**WORK ORDER:**
Among the lines below, output only those between the line holding "Cependant, lorsque existent" and the line holding "View full, authoritative", inclusive, exactly as written and with no pictures.

**DATA FOR THIS EXERCISE:**
--- START ---

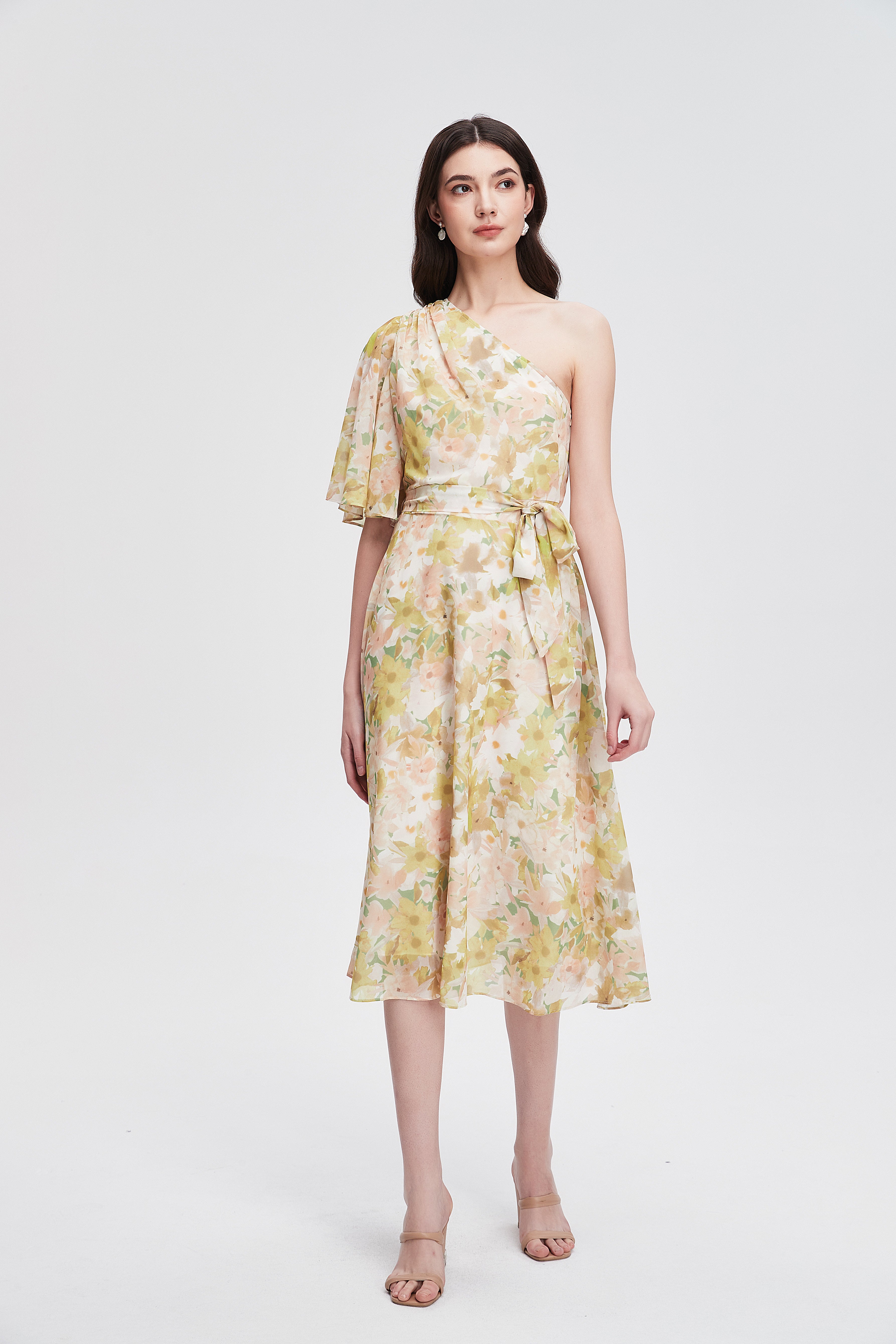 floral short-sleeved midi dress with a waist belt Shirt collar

--- END ---
--- START ---

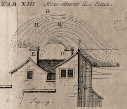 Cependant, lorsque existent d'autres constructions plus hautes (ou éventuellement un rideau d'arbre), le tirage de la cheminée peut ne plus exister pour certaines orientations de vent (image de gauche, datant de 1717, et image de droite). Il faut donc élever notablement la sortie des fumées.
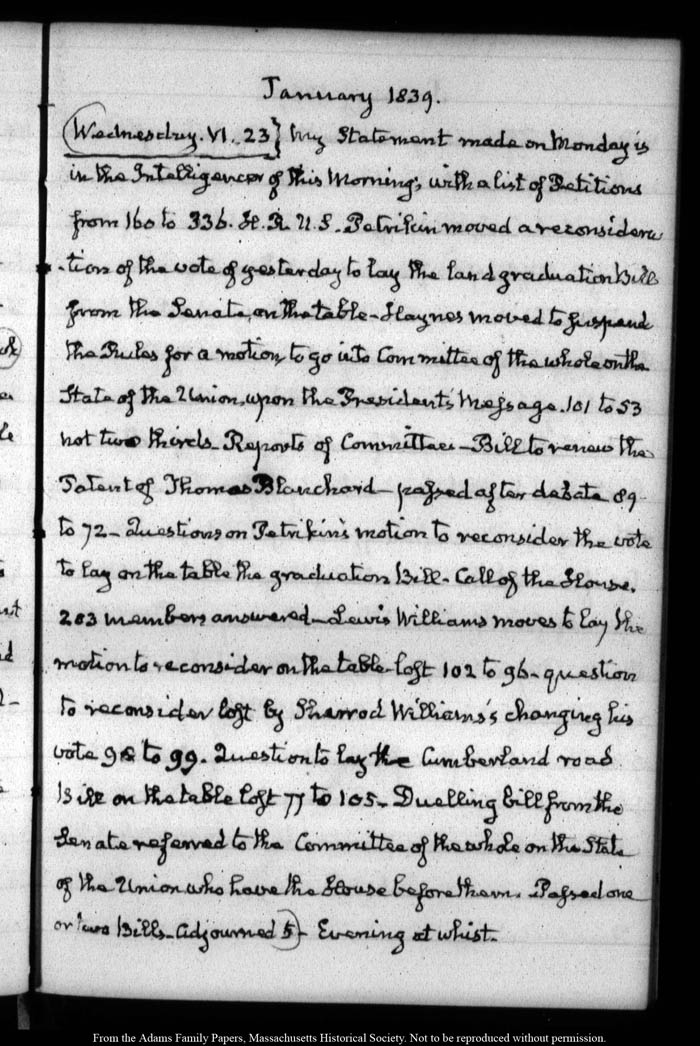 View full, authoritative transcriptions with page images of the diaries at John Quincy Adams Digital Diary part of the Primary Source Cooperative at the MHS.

--- END ---
--- START ---

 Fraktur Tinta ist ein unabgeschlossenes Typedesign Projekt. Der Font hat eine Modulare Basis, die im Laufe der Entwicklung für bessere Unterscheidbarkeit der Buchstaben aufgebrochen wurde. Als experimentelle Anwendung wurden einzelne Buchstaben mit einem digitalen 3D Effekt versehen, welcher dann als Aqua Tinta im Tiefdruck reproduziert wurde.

--- END ---

**ANSWER TO THIS PROBLEM:**
 Cependant, lorsque existent d'autres constructions plus hautes (ou éventuellement un rideau d'arbre), le tirage de la cheminée peut ne plus exister pour certaines orientations de vent (image de gauche, datant de 1717, et image de droite). Il faut donc élever notablement la sortie des fumées.
 View full, authoritative transcriptions with page images of the diaries at John Quincy Adams Digital Diary part of the Primary Source Cooperative at the MHS.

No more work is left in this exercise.